Cancer Survivors-Successfully Swimming or Struggling to Stay Afloat in a Sea of Cancer-Related Information?

Neeraj Arora, Ph.D.
Outcomes Research Branch
National Cancer Institute
Bethesda, MD

  • Strategies are needed to support information management efforts of cancer survivors and their family members. There are little data on the information needs of cancer survivors posttreatment (10 percent of 92 studies published between 1980 and 2003 addressed this issue). What data there are suggest that cancer survivors face difficulties obtaining information.
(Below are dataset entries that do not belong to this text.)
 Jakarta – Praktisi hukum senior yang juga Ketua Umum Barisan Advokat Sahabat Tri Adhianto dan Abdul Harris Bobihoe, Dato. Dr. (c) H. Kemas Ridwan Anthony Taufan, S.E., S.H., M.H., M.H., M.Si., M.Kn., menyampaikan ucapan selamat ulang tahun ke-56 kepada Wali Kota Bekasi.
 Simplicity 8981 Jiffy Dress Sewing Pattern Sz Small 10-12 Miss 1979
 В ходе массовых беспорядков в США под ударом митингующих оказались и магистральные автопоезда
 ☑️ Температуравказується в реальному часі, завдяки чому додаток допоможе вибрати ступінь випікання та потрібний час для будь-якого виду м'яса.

Many report that significant effort was needed to find information, leading to feelings of frustration; information often was difficult to understand; and they had concerns about information quality.
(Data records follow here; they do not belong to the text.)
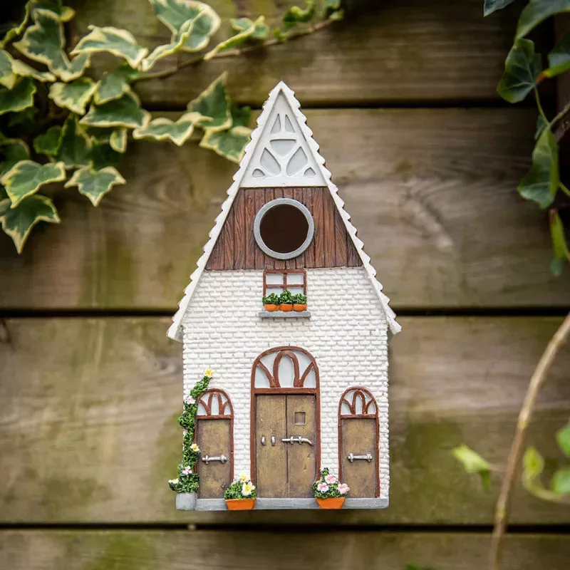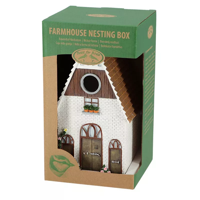 Farmház kinézetű, dekoratív madárház. A műgyantából készült, skandináv ill. német stílusú házikó ellenáll az időjárás viszontagságainak, szélnek és esőnek. Kiváló menedéket és fészkelési helyet biztosít a cinkéknek a kertben vagy az eresz alatt. A 27 mm átmérőjű nyílás ideális a legtöbb cinegeféle számára, így vendégül láthatod a széncinegéket, a kormosfejű cinegéket, a kékcinegéket és a búbos cinegéket is. A ferde tető alatti kis lyukakon szabadon áramlik a levegő, ezért nem melegszik fel az odú belseje nyáron sem. A madárház alja levehető, így ha épp nincs lakója a madárháznak, egyszerűen tisztíthatod. Az előfúrt hátoldalnak köszönhetően pillanatok alatt rögzítheted egy fára vagy akár a házfalra is. Teremts otthonos hangulatot szárnyas barátaidnak is ezzel a dekoratív kiegészítővel, mely garantáltan a kert dísze lesz!
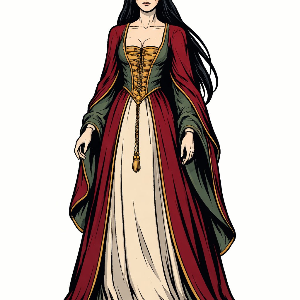 No caricatures no speech bubbles a slim tall modest woman with long black hair in renaissance robe. front view
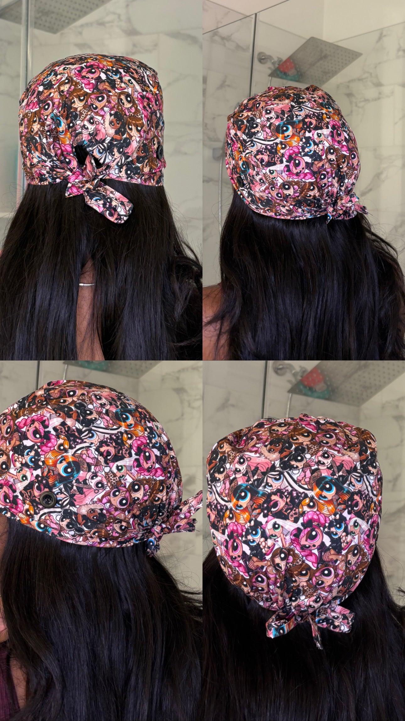Bring a little nostalgia to your shift with this adorable 90s-style scrub cap featuring a vibrant, Powerpuff-inspired print. Designed for healthcare workers, hair stylists, estheticians, or anyone needing a quick and stylish hair fix, this cap blends personality with practicality. The lightweight, breathable fabric keeps you comfortable through long days, while the adjustable tie-back ensures a secure fit for all hair lengths and textures. Whether you’re in the clinic, behind the chair, in the treatment room, or just having a not-so-great hair day, this cute cap has you covered—literally.
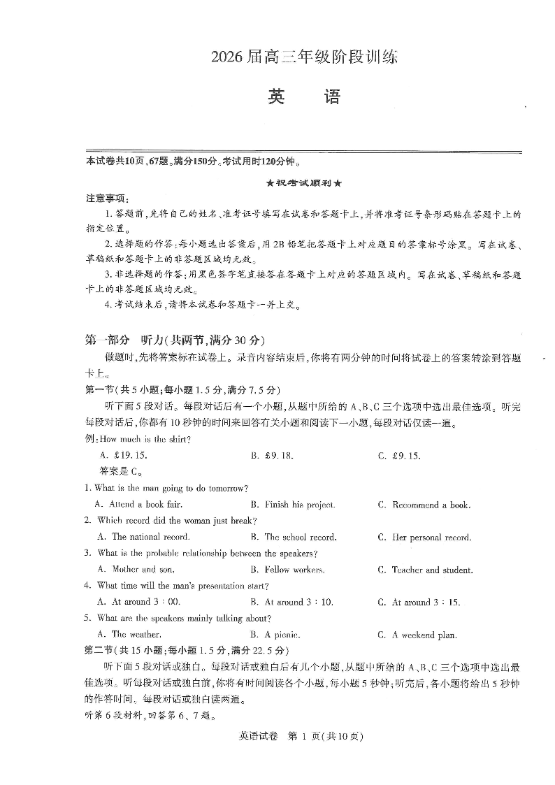 圆创联盟2026届高三年级11月阶段训练 英语.pdf

  • Information needs categories for survivors at 2 to 5 years post-diagnosis include recommended follow-up tests and treatments, information on health behaviors to reduce cancer risk (i.e., diet, nutrition, physical activity), long-term and side effects of treatment, interpersonal and emotional issues, how to keep health insurance and obtain coverage for late effects, and sex- and fertility-related issues.
  • The Health Information National Trends Survey (HINTS) showed that 63 percent of cancer survivors can be categorized as "seekers" of information and 37 percent as "non seekers." Non seekers are more likely to have less than a high school education and be 65 years of age or older. Both seekers and non seekers preferred to receive information from health care providers rather than from the Internet. As a "first source" of cancer information, however, health care providers and the Internet were accessed nearly equally.
  • People with a family history of cancer are as likely to seek information as cancer survivors, although they are more likely than survivors to use the Internet as a first source of information (health care providers are the least-used source of information for this group). Those with a family history of cancer also are less likely than survivors to consider the information they do find helpful.
  • No organized, integrated system exists to provide survivors with access to support. Web-based technologies should be integrated to provide a seamless environment of accessible, unfailing, and deep support available at all times.